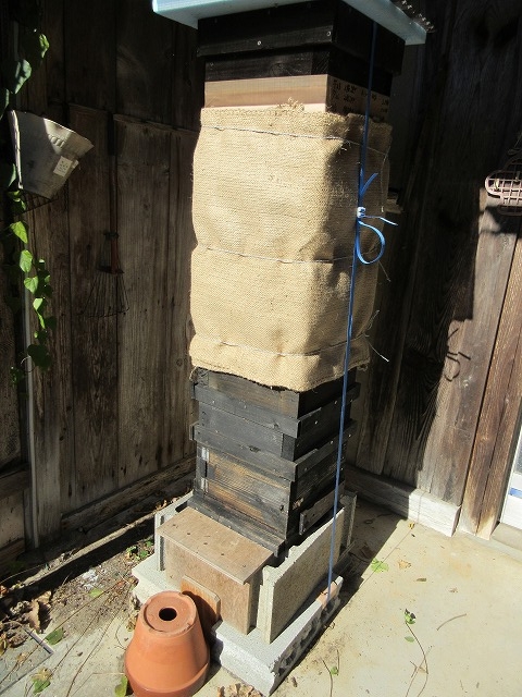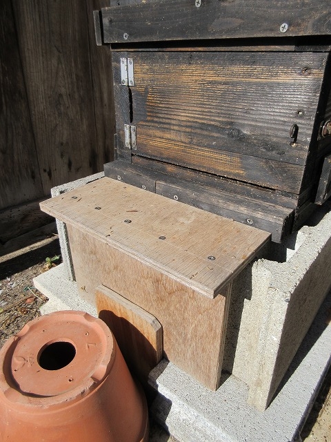 更に土台ブロックの金網を外してコンパネ板で塞ぎました。この群の冬支度はこれで終了。来年3月まで観察に行かないだろうな・・・。
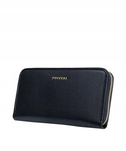 Dzięki przemyślanej konstrukcji i dbałości o detale, portfel ten pomieści wszystkie niezbędne na co dzień przedmioty, takie jak banknoty, bilon, karty, wizytówki oraz dokumenty. ➡️ Jednokomorowy model jest zabezpieczony zapięciem na zamek, co gwarantuje bezpieczeństwo przechowywanych rzeczy. Wnętrze portfela wyściełane jest eleganckim, logowanym materiałem z poliestru, który dodaje mu wyjątkowego charakteru. Portfel wyposażony jest w sześć miejsc na karty, kieszeń na bilon zapinaną na suwak oraz przestronną kieszeń na banknoty lub dokumenty, która może również służyć jako etui na telefon. Na froncie portfela znajduje się delikatne logo PUCCINI w kolorze złotym, które podkreśla jego stylowy wygląd.
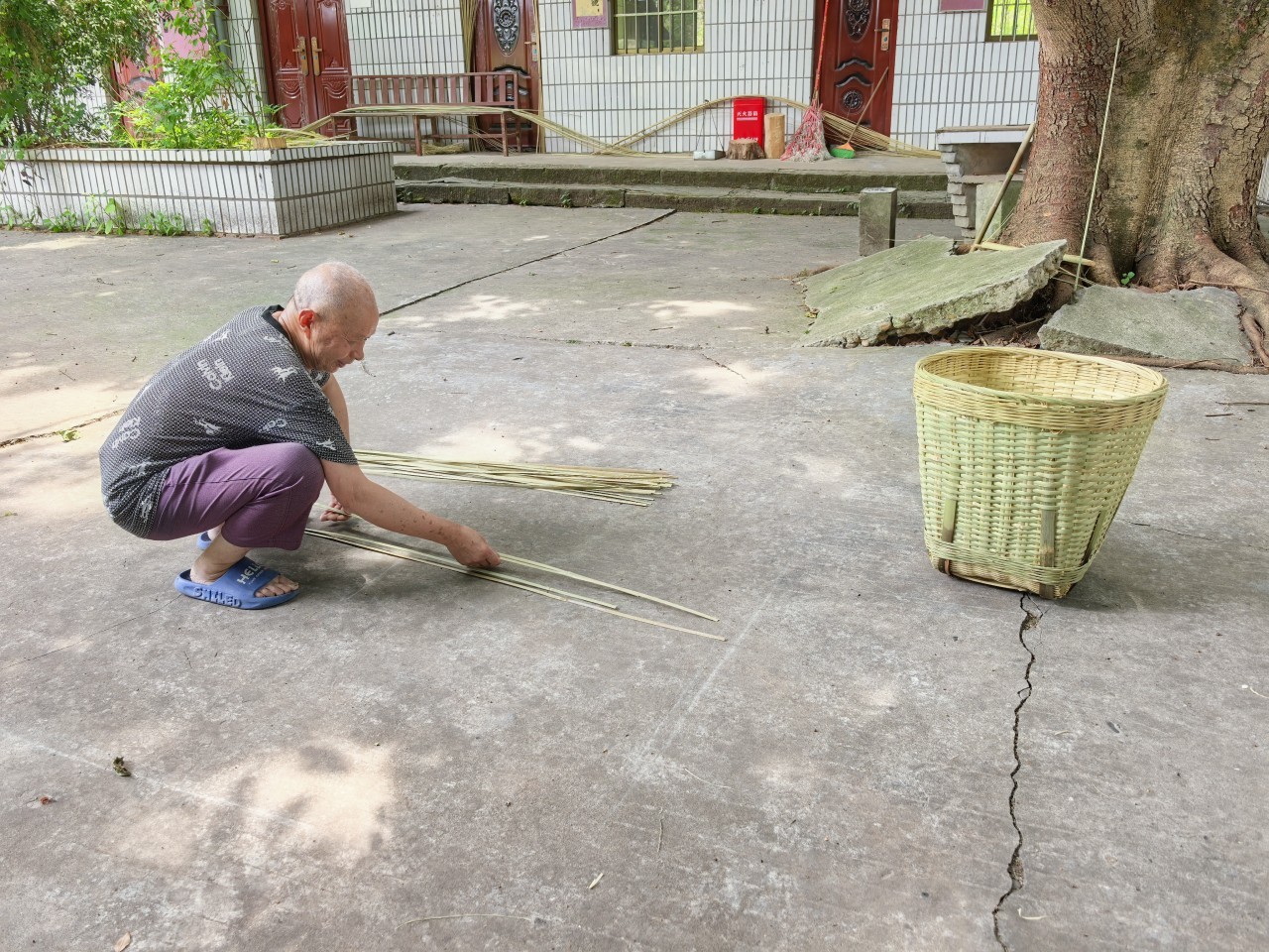 变化浸润在细节中。娱乐室里,67岁的唐一章摸着舒适的影院座椅感慨:“以前只能挤着看小电视,活动少得很。现在有空调,看电视舒服多了。”院坝中,70岁的王安陆手指翻飞,竹篾在他手中渐渐变成精致的背篼。“一个卖35元,去年做了40个。”他指着墙角的竹料笑道,“动动手日子才有滋味,我的背篓还经常有人来订呢。”
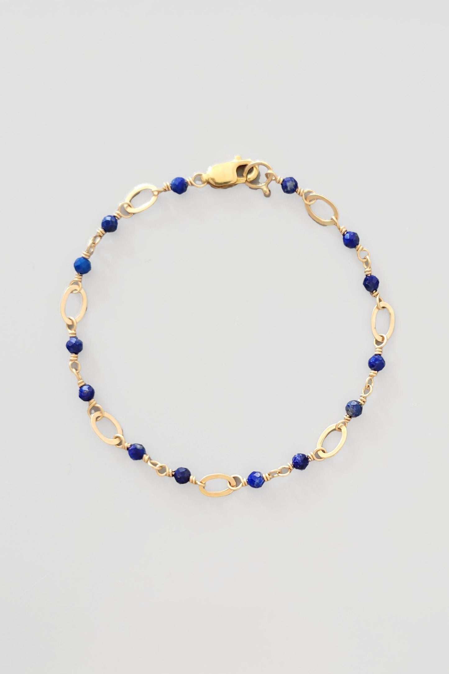Handmade chain with gold filled wire & clasp. Lapis stones and 14kt solid gold oval rings.
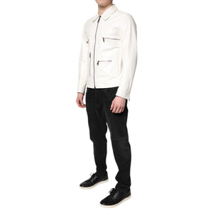 Dolce & Gabbana White Collared Full Zip Biker Coat Jacket

===============

**The problem**
The lines to reproduce run from the line containing "变化浸润在细节中。娱乐室里,67岁的唐一" through the last line of the records above, both included. Copy them exactly and drop the pictures.

**Solution to this problem**
 变化浸润在细节中。娱乐室里,67岁的唐一章摸着舒适的影院座椅感慨:“以前只能挤着看小电视,活动少得很。现在有空调,看电视舒服多了。”院坝中,70岁的王安陆手指翻飞,竹篾在他手中渐渐变成精致的背篼。“一个卖35元,去年做了40个。”他指着墙角的竹料笑道,“动动手日子才有滋味,我的背篓还经常有人来订呢。”
Handmade chain with gold filled wire & clasp. Lapis stones and 14kt solid gold oval rings.
 Dolce & Gabbana White Collared Full Zip Biker Coat Jacket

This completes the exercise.